I spent some time in Knoxville and got to know firsthand how pleasant the people are and how proud they are to maintain the tradition of the apple stack cake. Everyone knows it, and the routine that they follow to make and serve it is serious business.
It's an unusual and labor-intensive cake. First of all, the dough is rolled out like a cookie. It bakes into a pretty hard disk that will get mildly saturated with dried apples reconstituted with spices and sugar. The apples can't be fresh, and cheating the drying process is not acceptable. Electric fruit dehydrators save the effort of sun-drying apples on the porch or rigging an elaborate clothesline system in the attic—all methods I was told about by people who have seen it done.

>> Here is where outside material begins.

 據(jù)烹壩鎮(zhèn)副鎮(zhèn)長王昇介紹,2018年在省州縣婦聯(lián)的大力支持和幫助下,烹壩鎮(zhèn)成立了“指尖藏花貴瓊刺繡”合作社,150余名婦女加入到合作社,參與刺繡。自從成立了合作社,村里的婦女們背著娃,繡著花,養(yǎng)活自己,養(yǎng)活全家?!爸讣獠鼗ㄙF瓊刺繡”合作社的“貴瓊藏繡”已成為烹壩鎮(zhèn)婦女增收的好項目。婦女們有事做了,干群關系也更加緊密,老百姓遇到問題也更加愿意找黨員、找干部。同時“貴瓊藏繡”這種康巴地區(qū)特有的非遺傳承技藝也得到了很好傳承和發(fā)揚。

One important element of the stack cake is timing. It must be wrapped and left in the refrigerator at least overnight, longer if possible. Whether you wrap it with wax paper and dish towels, aluminum foil, or plastic wrap, one way or another, keep it well covered so the moisture won't escape.

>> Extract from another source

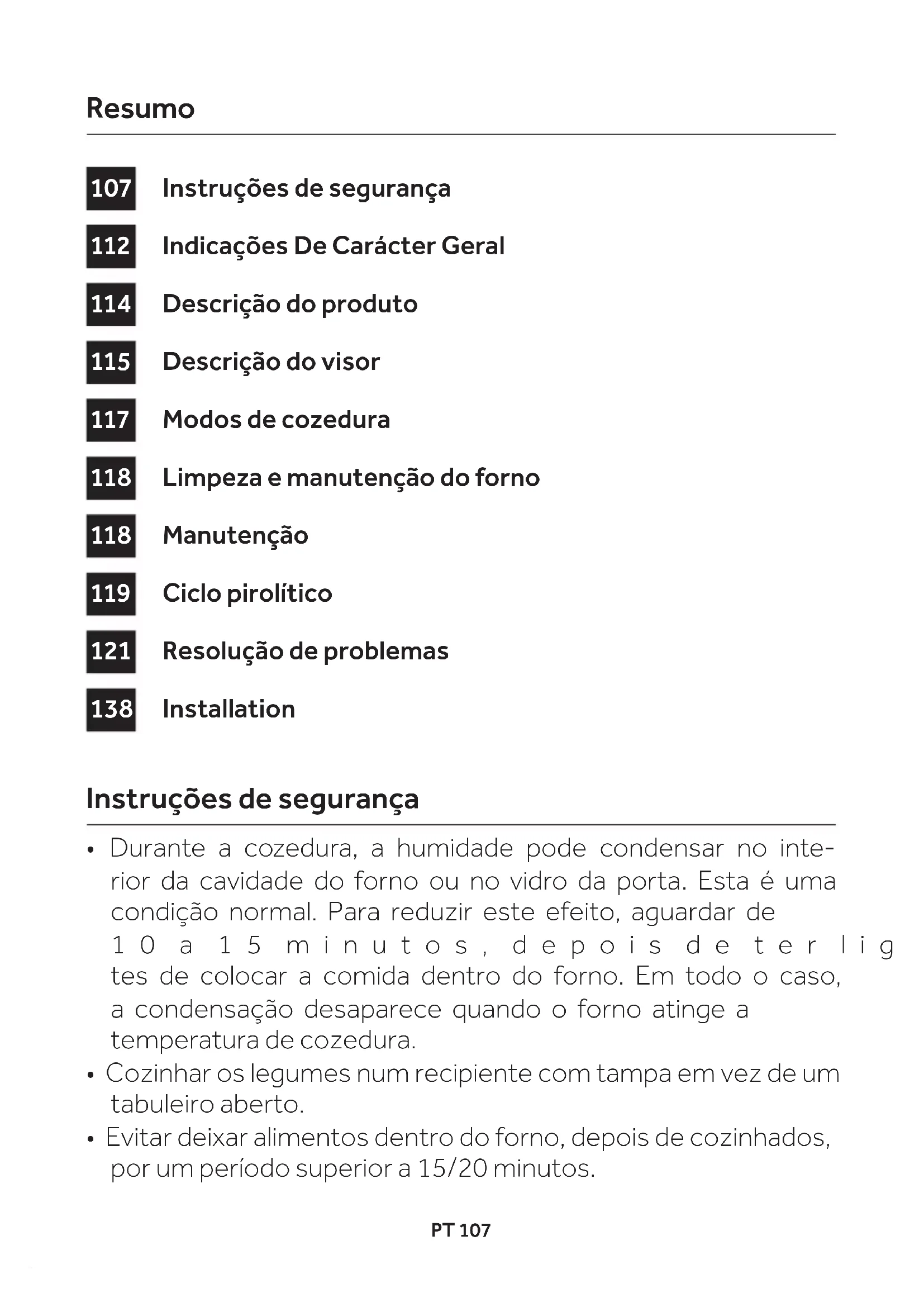 - Evitar deixar alimentos dentro do forno, depois de cozinhados, por um período superior a 15/20 minutos. Instruções de segurançaPT 108

Ideally, you should dry the apples yourself in a fruit-dehydrating machine. If that's not an option, go for store-bought dried apples. Don't cop out and buy applesauce, because the secret to the stack cake is not just what absorbs into the cake, but what doesn't. Jarred applesauce gets lost in the layers, leaving only a soggy stack. Although success isn't guaranteed, you can try to make dried apple slices in the oven. Peel and thinly slice 15 to 20 fresh apples (I like Gala or Cortland). Place them, without overlapping, on a baking sheet lined with parchment paper, and bake in a 225°F oven for up to 4 hours or until dried.